Data
- - -

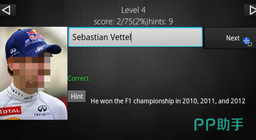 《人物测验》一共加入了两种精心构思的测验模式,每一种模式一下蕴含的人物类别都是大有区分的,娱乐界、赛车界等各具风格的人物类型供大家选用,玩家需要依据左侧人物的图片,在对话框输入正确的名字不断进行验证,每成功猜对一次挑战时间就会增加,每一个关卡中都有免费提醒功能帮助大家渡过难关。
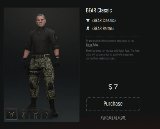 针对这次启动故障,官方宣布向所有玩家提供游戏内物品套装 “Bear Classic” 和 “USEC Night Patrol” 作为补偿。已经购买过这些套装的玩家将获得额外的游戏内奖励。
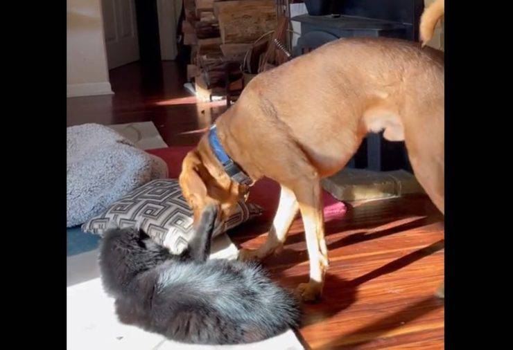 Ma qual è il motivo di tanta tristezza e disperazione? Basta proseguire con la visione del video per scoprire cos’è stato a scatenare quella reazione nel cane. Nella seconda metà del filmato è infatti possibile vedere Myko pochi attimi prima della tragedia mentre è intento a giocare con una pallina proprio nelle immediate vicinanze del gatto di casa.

- - -

Exercise instructions
Strip the images and return the remaining data exactly.

Problem solution
 《人物测验》一共加入了两种精心构思的测验模式,每一种模式一下蕴含的人物类别都是大有区分的,娱乐界、赛车界等各具风格的人物类型供大家选用,玩家需要依据左侧人物的图片,在对话框输入正确的名字不断进行验证,每成功猜对一次挑战时间就会增加,每一个关卡中都有免费提醒功能帮助大家渡过难关。
 针对这次启动故障,官方宣布向所有玩家提供游戏内物品套装 “Bear Classic” 和 “USEC Night Patrol” 作为补偿。已经购买过这些套装的玩家将获得额外的游戏内奖励。
 Ma qual è il motivo di tanta tristezza e disperazione? Basta proseguire con la visione del video per scoprire cos’è stato a scatenare quella reazione nel cane. Nella seconda metà del filmato è infatti possibile vedere Myko pochi attimi prima della tragedia mentre è intento a giocare con una pallina proprio nelle immediate vicinanze del gatto di casa.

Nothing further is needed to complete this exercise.